Dataset entries
··········

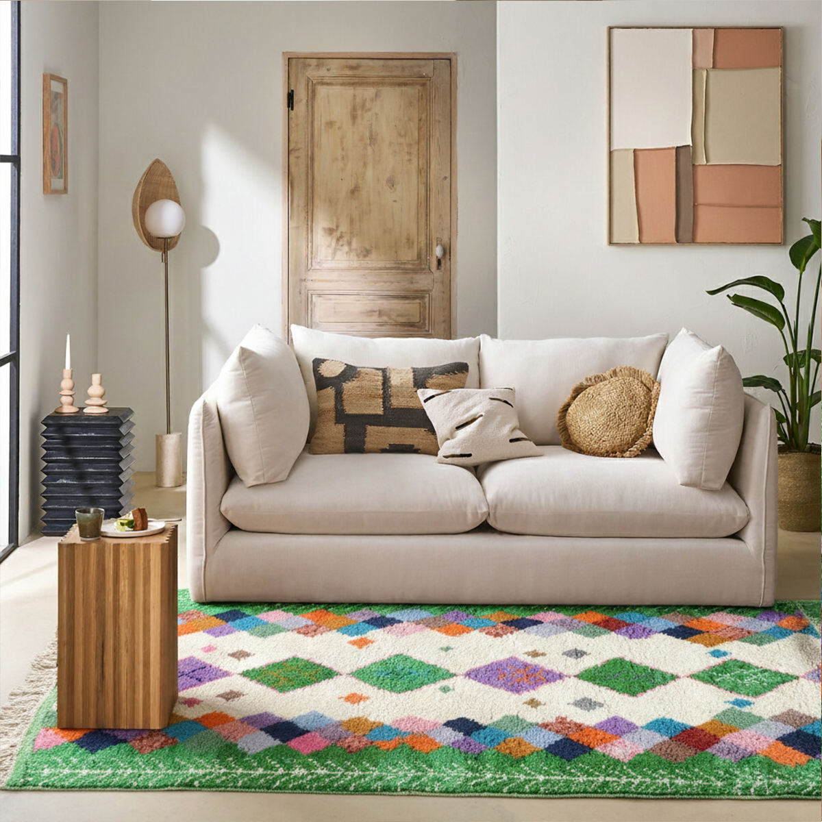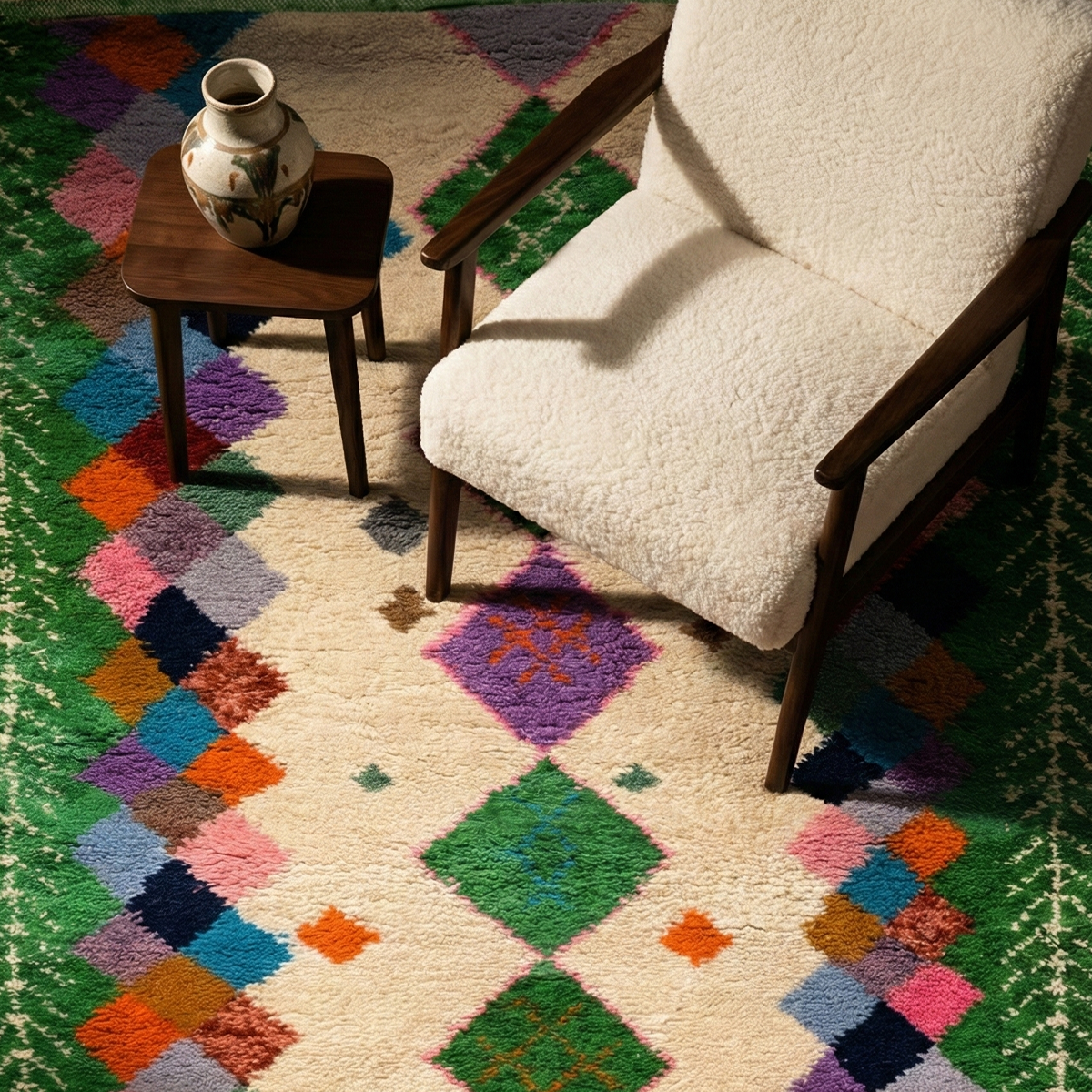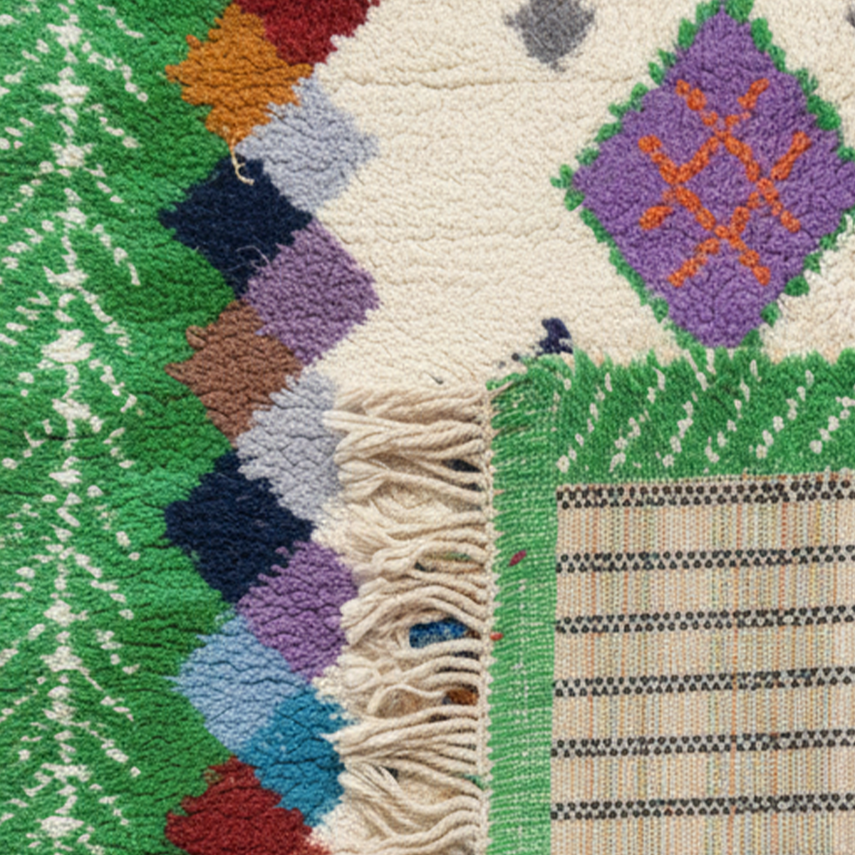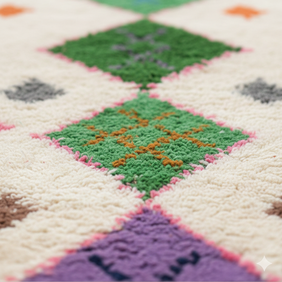 Handwoven in Morocco using 100% natural wool, each Zarbya rug is crafted on traditional looms by skilled artisans. Subtle variations in texture, tone, and weave are natural marks of its handmade character.
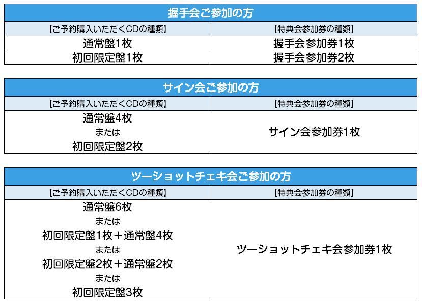 「特典会参加券」は「握手会参加券」「サイン会参加券」「ツーショットチェキ会参加券」の3種類ございます。
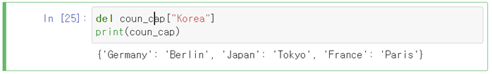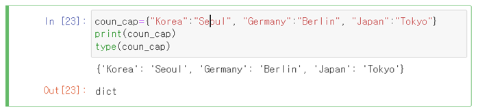coun_cap={"Korea":"Seoul", "Germany":"Berlin", "Japan":"Tokyo"}
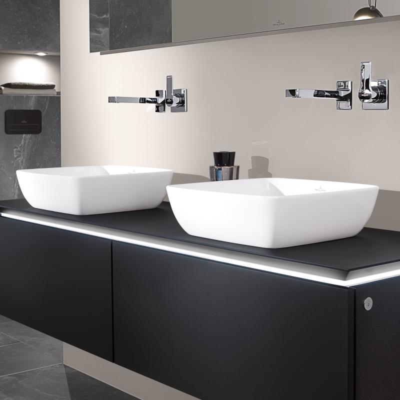Раковины-чаши сейчас имеют ошеломительный успех и разрешают очень разумно использовать пространство ванной комнаты. Рукомойник Villeroy & Boch Artis 4178 41R1 alpin ceramicplus является известной моделью в этой сфере и предоставляет возможность не только комфортно выполнять все гигиенические процедуры, но и делает интерьер санузла более гармоничным. Так же плюсов этому умывальнику прибавляет квадратная форма и практическое решение выполнения чаши без отверстий под смеситель. Материал производства - фарфор, высоко ценится за свою надежность, не требует серьезных усилий в обслуживании и великолепно сохраняет насыщенность цвета. Чаша располагается просто - к столешнице и невероятно красиво сочетается с другими товарами бренда Villeroy & Boch, а гарантия на нее работает 4 года. Изделие, как и другие представители серии Artis, реализовано в оригинальном ключе. Утонченные линии, элегантные формы, правильные параметры - все это делает такую модель прекрасным вариантом для почитателей комфорта и эстетики. Умывальник производится в Германии и сделан в размерах: высота 12.5 см, ширина 41 см., глубина 41 см., что совершенно точно является дополнительным положительным мометном для тех, кто стремится правильно задействовать все пространство при планировке душевого помещения.
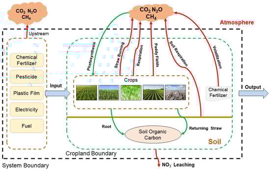 System boundary, GHG emissions, and carbon sequestration in a cropland ecosystem. Red arrows represent GHG emissions and green arrows represent carbon sequestration.
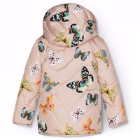 Waterafstotende roze pufferjas voor baby's en peuters, met een zachtroze voering en boorden. De jas heeft een afneembare capuchon, opstaande kraag, rits met kinbeschermer en een enkele zak aan de voorkant. De jas heeft een all-over print van vlinders in verschillende kleuren en patronen. De jas en de vulling zijn van gerecycled polyester. Het waterafstotende oppervlak is vrij van PFOS en PFOA.
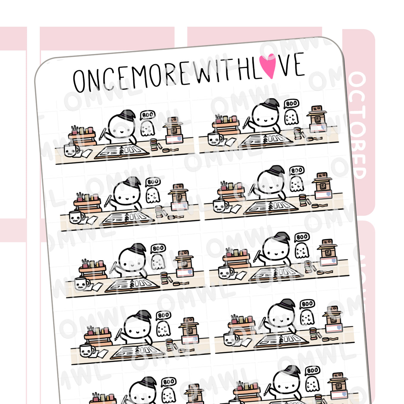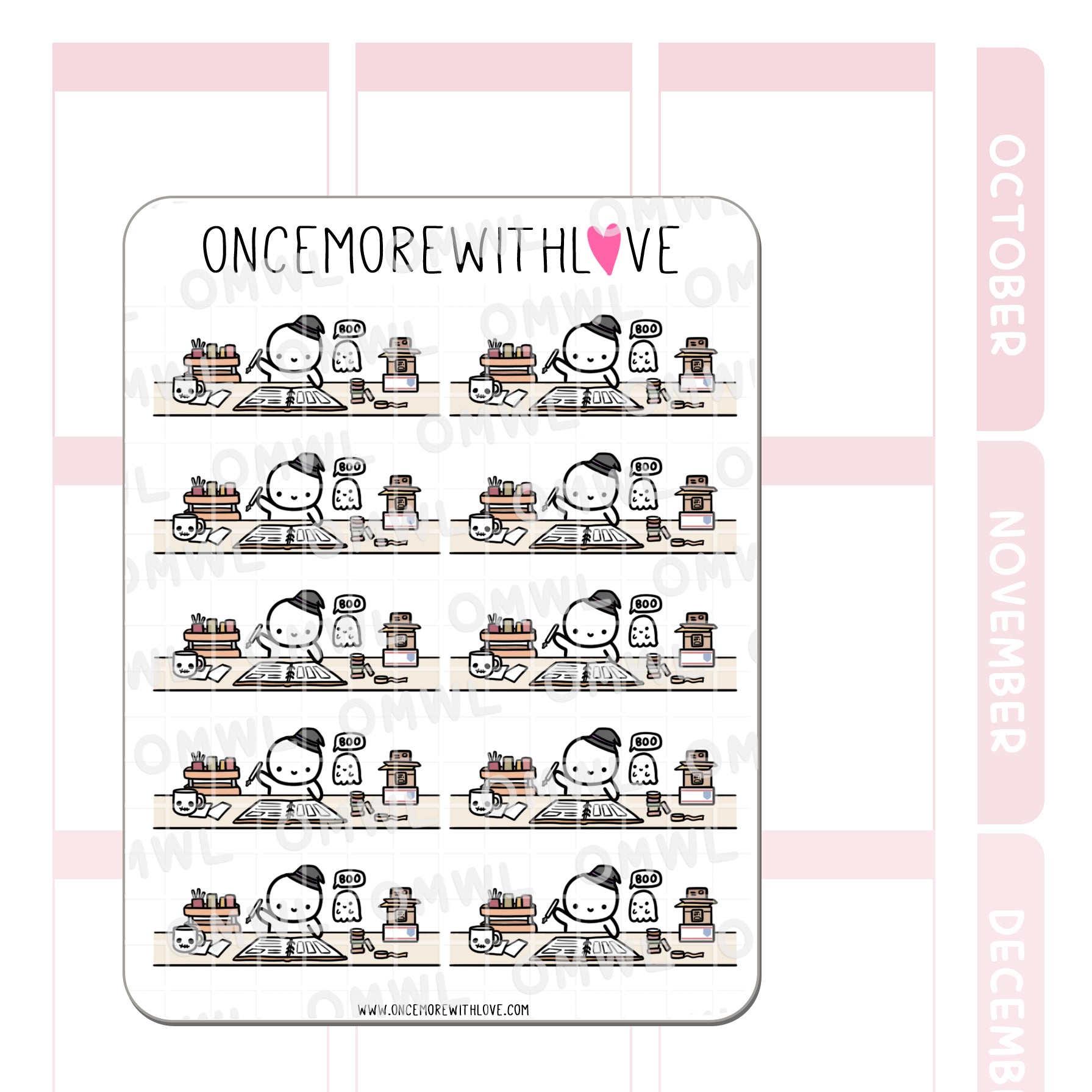 Perfect little planning scene with such adorable details. Love the little ghost friend and the mug slays me! Loved it so much I had to get another sheet.

··········

* DESCRIPTION OF THE TASK *
Please print every record exactly as written, without the pictures.

* ANSWER AREA *
 Handwoven in Morocco using 100% natural wool, each Zarbya rug is crafted on traditional looms by skilled artisans. Subtle variations in texture, tone, and weave are natural marks of its handmade character.
 「特典会参加券」は「握手会参加券」「サイン会参加券」「ツーショットチェキ会参加券」の3種類ございます。
coun_cap={"Korea":"Seoul", "Germany":"Berlin", "Japan":"Tokyo"}
Раковины-чаши сейчас имеют ошеломительный успех и разрешают очень разумно использовать пространство ванной комнаты. Рукомойник Villeroy & Boch Artis 4178 41R1 alpin ceramicplus является известной моделью в этой сфере и предоставляет возможность не только комфортно выполнять все гигиенические процедуры, но и делает интерьер санузла более гармоничным. Так же плюсов этому умывальнику прибавляет квадратная форма и практическое решение выполнения чаши без отверстий под смеситель. Материал производства - фарфор, высоко ценится за свою надежность, не требует серьезных усилий в обслуживании и великолепно сохраняет насыщенность цвета. Чаша располагается просто - к столешнице и невероятно красиво сочетается с другими товарами бренда Villeroy & Boch, а гарантия на нее работает 4 года. Изделие, как и другие представители серии Artis, реализовано в оригинальном ключе. Утонченные линии, элегантные формы, правильные параметры - все это делает такую модель прекрасным вариантом для почитателей комфорта и эстетики. Умывальник производится в Германии и сделан в размерах: высота 12.5 см, ширина 41 см., глубина 41 см., что совершенно точно является дополнительным положительным мометном для тех, кто стремится правильно задействовать все пространство при планировке душевого помещения.
 System boundary, GHG emissions, and carbon sequestration in a cropland ecosystem. Red arrows represent GHG emissions and green arrows represent carbon sequestration.
 Waterafstotende roze pufferjas voor baby's en peuters, met een zachtroze voering en boorden. De jas heeft een afneembare capuchon, opstaande kraag, rits met kinbeschermer en een enkele zak aan de voorkant. De jas heeft een all-over print van vlinders in verschillende kleuren en patronen. De jas en de vulling zijn van gerecycled polyester. Het waterafstotende oppervlak is vrij van PFOS en PFOA.
 Perfect little planning scene with such adorable details. Love the little ghost friend and the mug slays me! Loved it so much I had to get another sheet.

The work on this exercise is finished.